The Cour de Cassation backed the national antitrust authority, which rejected Orange’s request in 2014.
The telecom giant complained that competition would suffer if the agreement between Bouygues Telecom and SFR were to go ahead.
Under the plan, the two network providers can jointly operate 11,500 mobile towers covering 57 percent of the French population.
The agreement also allows for a temporary 4G roaming service, provided by Bouygues Telecom for SFR, to avoid deploying temporary equipment that would later have to be replaced.
But the authority said that “none of the elements” put forward by Orange justified an urgent decision and the provisional measures that Orange had requested are only implemented by the regulator in the “event of a serious and immediate threat to the sector.”

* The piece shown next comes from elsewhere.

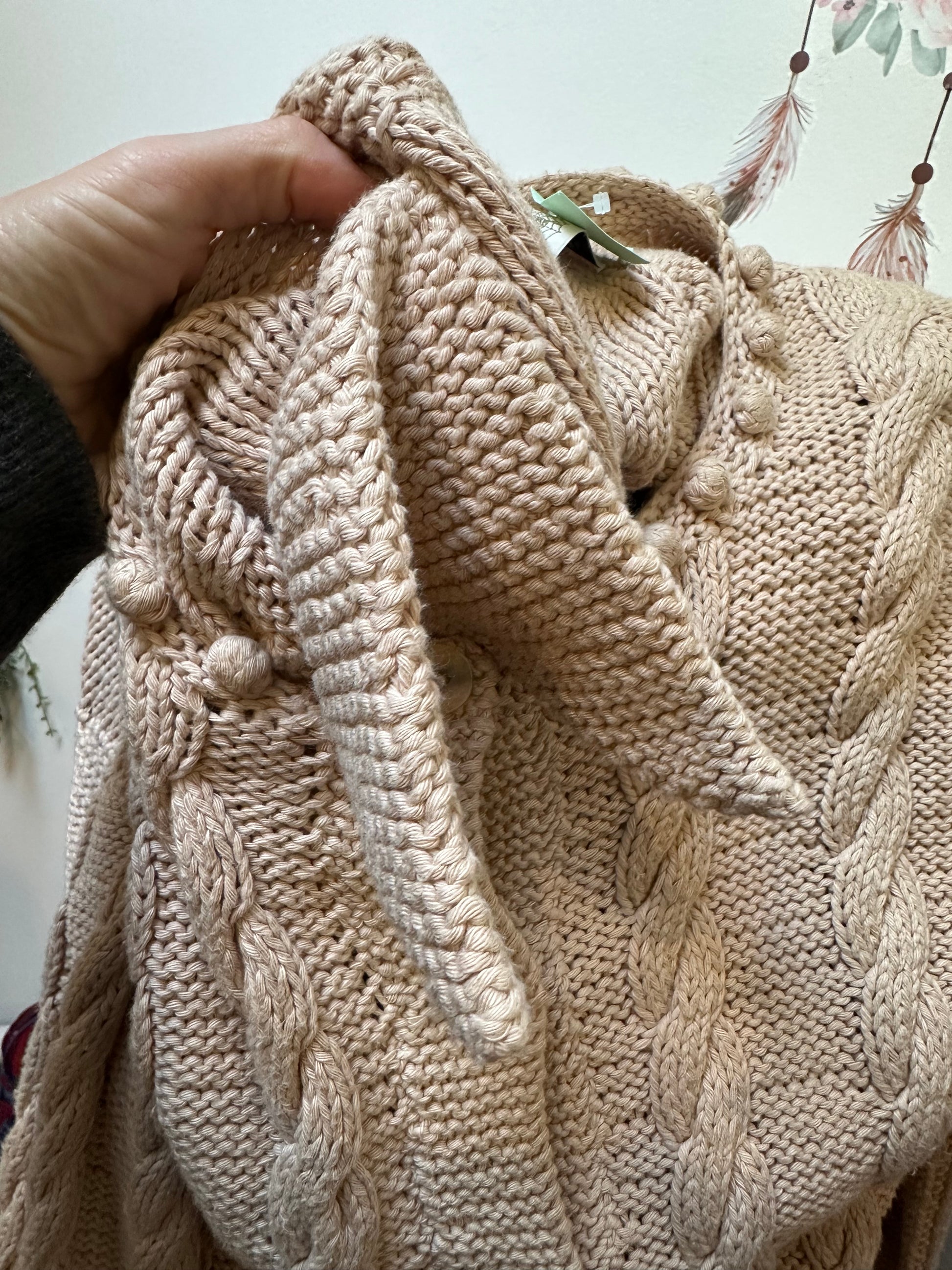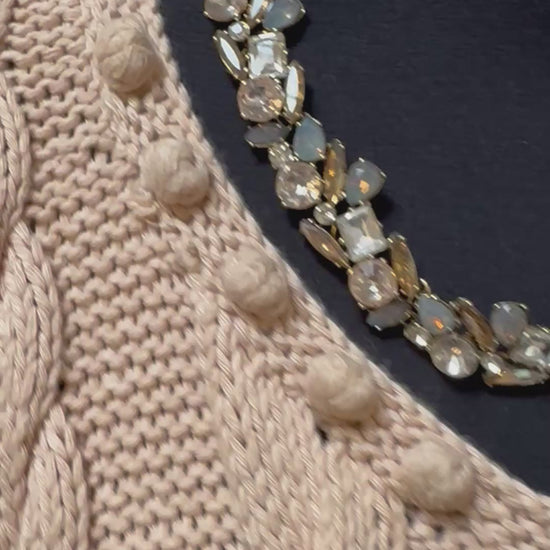 Designer Golden Spiderweb 100% Heavy Cotton Knitted Cardigan with Shoulder Pads Best Fit Size L

The Paris Court of Appeal upheld the operators’ agreement in February 2015. In a judgment handed down on Tuesday but published today, France’s top court agreed.
Cour de Cassation judges found that high-density areas that “correspond to the principal markets in which competition develops” would not be affected by the deal. Effects would only be felt in “certain parts” of shared areas that cover — at most — 20 percent of the population, the judgment said.
The court also found that a “loss of competitive edge” does not constitute “serious and immediate damage,” which must be proven to warrant measures by the authority.